*** Opening of Records to process ***

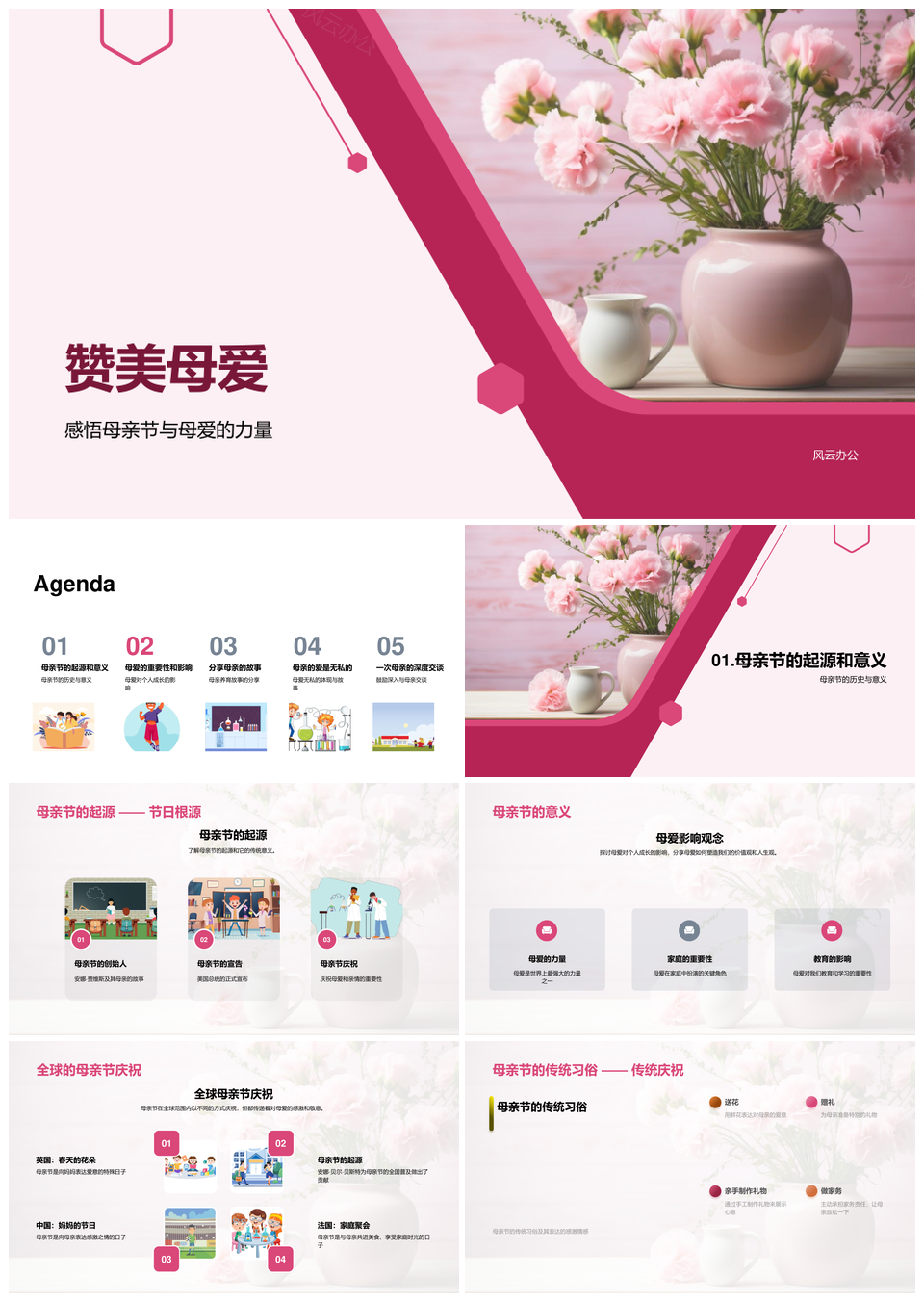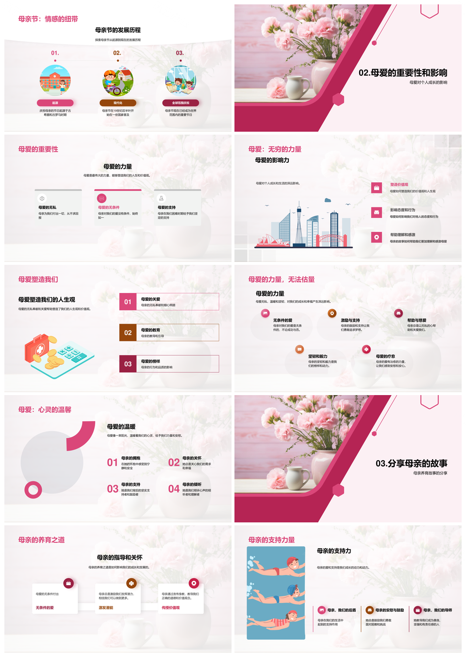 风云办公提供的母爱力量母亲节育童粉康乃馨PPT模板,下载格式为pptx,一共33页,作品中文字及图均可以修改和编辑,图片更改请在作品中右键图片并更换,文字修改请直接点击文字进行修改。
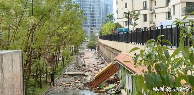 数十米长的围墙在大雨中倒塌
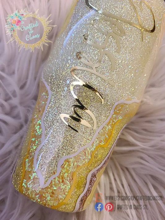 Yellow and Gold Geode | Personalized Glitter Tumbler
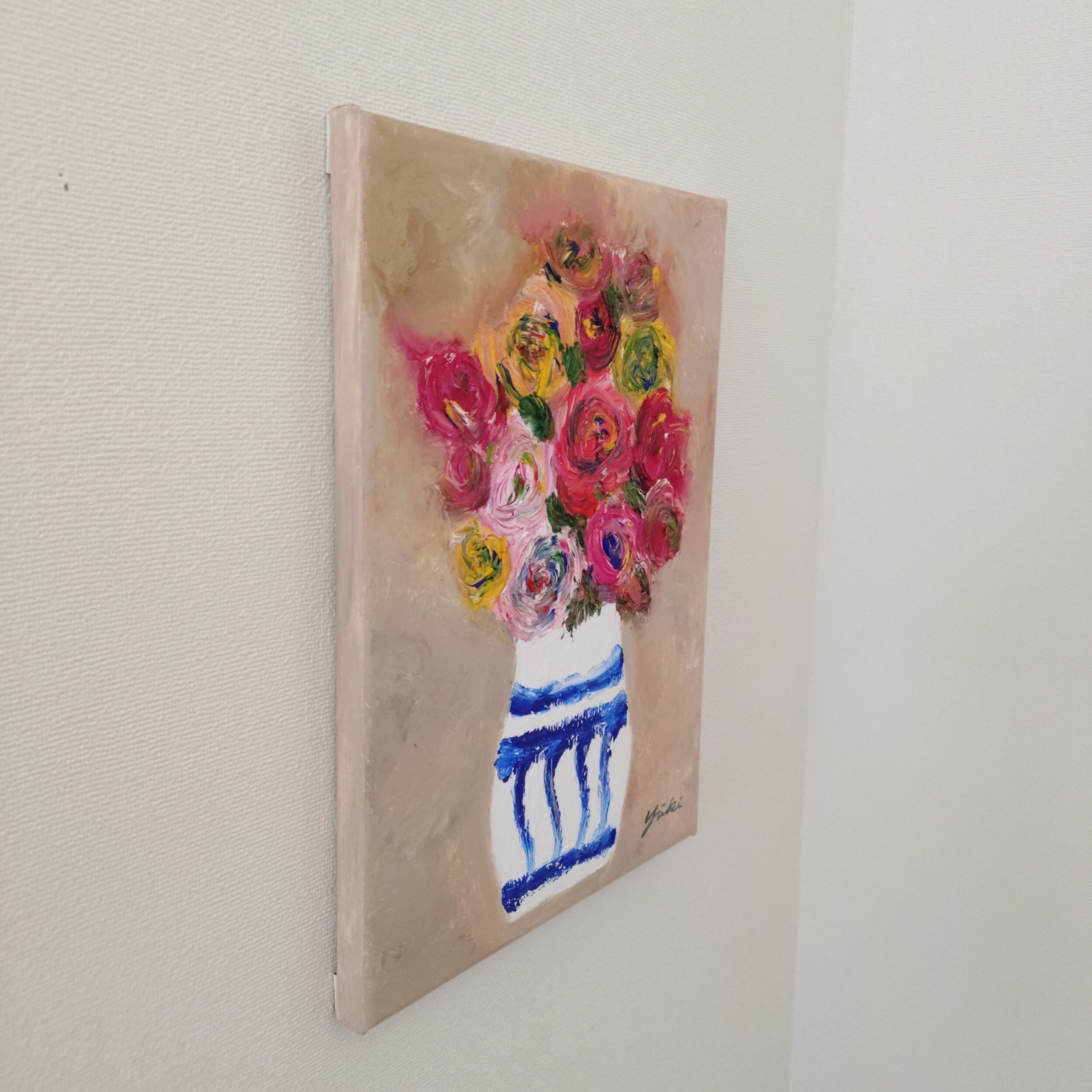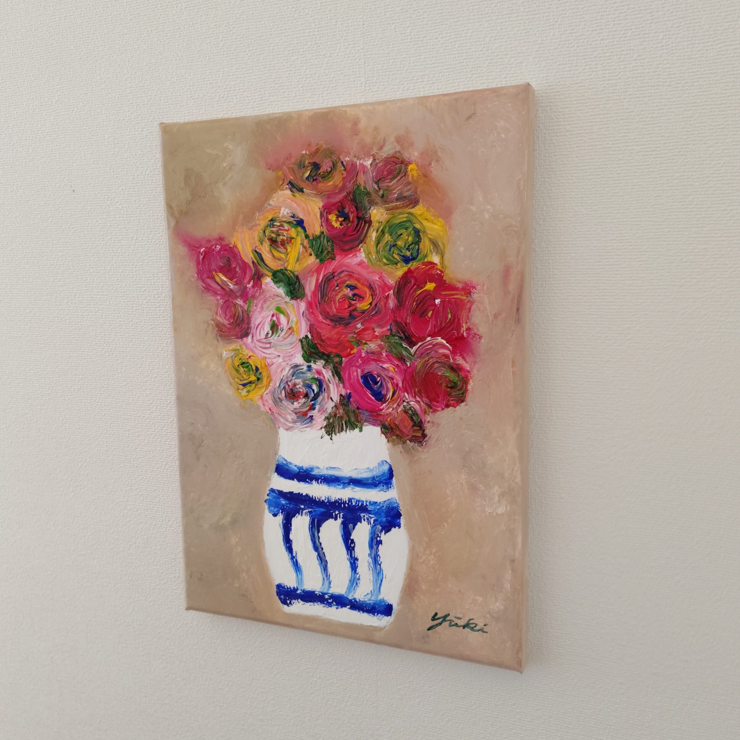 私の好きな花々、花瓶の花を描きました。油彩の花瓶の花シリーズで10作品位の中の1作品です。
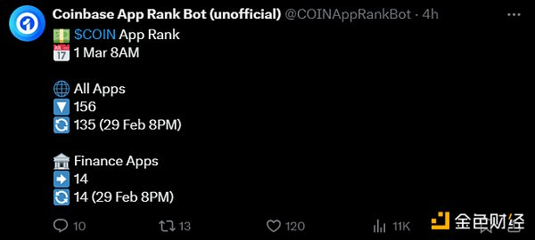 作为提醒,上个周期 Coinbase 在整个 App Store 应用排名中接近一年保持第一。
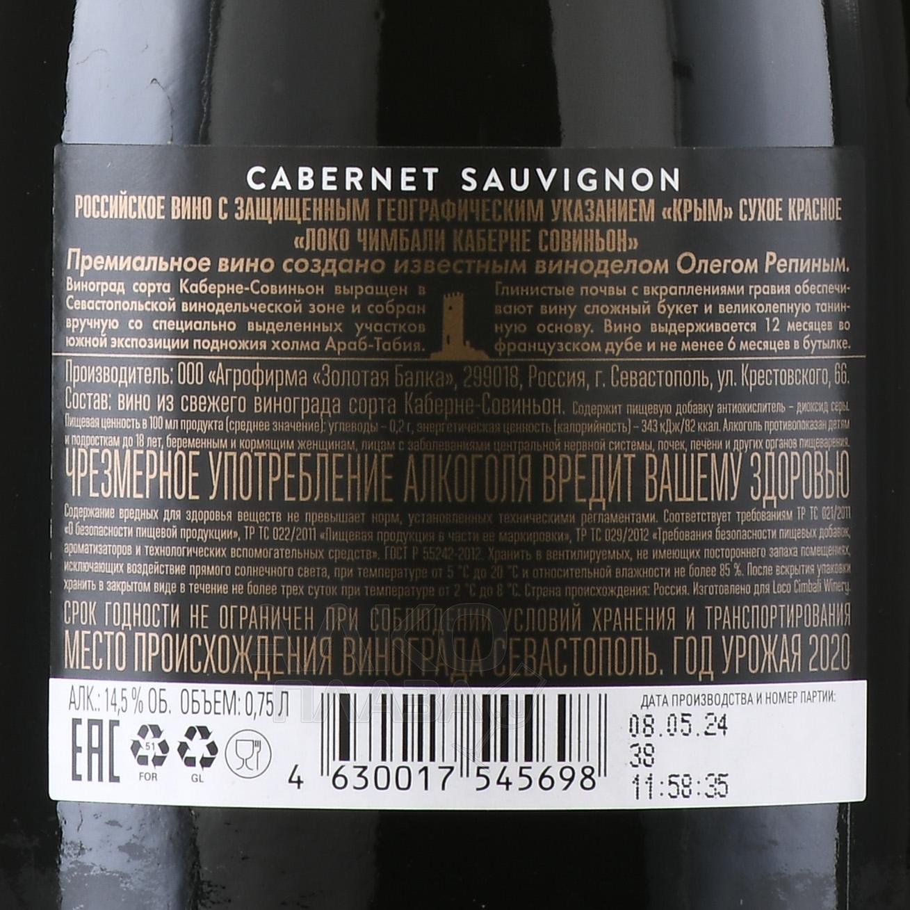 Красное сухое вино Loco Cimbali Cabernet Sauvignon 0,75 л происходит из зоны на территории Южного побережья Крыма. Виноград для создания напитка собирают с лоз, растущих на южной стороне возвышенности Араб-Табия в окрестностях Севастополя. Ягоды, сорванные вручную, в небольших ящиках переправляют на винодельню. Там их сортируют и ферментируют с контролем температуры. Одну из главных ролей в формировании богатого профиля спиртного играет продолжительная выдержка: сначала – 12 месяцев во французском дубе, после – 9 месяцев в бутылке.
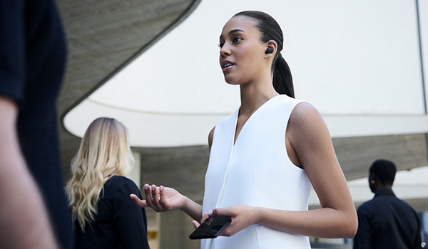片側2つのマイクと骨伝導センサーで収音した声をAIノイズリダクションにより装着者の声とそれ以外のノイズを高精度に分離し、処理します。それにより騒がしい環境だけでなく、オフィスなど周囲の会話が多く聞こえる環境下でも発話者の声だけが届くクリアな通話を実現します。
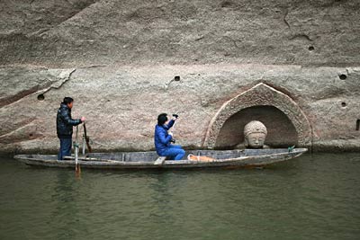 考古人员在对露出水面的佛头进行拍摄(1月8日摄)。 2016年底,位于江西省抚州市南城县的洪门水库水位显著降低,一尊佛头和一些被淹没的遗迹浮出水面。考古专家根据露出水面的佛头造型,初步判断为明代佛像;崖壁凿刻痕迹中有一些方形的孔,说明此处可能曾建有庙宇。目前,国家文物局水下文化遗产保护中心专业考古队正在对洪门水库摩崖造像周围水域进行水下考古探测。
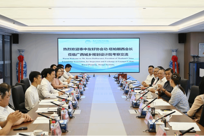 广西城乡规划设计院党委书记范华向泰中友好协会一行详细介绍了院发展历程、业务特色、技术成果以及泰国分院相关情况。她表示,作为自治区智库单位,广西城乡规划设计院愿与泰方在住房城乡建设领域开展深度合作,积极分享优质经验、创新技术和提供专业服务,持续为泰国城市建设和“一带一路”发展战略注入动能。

*** Close of Records to process ***

**What this task involves**
Exactly the lines above, from the one containing "片側2つのマイクと骨伝導セン" down to the one containing "考古人员在对露出水面的佛头进", are to be repeated, including both ends. Pictures are not part of the copy.

**Response box**
片側2つのマイクと骨伝導センサーで収音した声をAIノイズリダクションにより装着者の声とそれ以外のノイズを高精度に分離し、処理します。それにより騒がしい環境だけでなく、オフィスなど周囲の会話が多く聞こえる環境下でも発話者の声だけが届くクリアな通話を実現します。
 考古人员在对露出水面的佛头进行拍摄(1月8日摄)。 2016年底,位于江西省抚州市南城县的洪门水库水位显著降低,一尊佛头和一些被淹没的遗迹浮出水面。考古专家根据露出水面的佛头造型,初步判断为明代佛像;崖壁凿刻痕迹中有一些方形的孔,说明此处可能曾建有庙宇。目前,国家文物局水下文化遗产保护中心专业考古队正在对洪门水库摩崖造像周围水域进行水下考古探测。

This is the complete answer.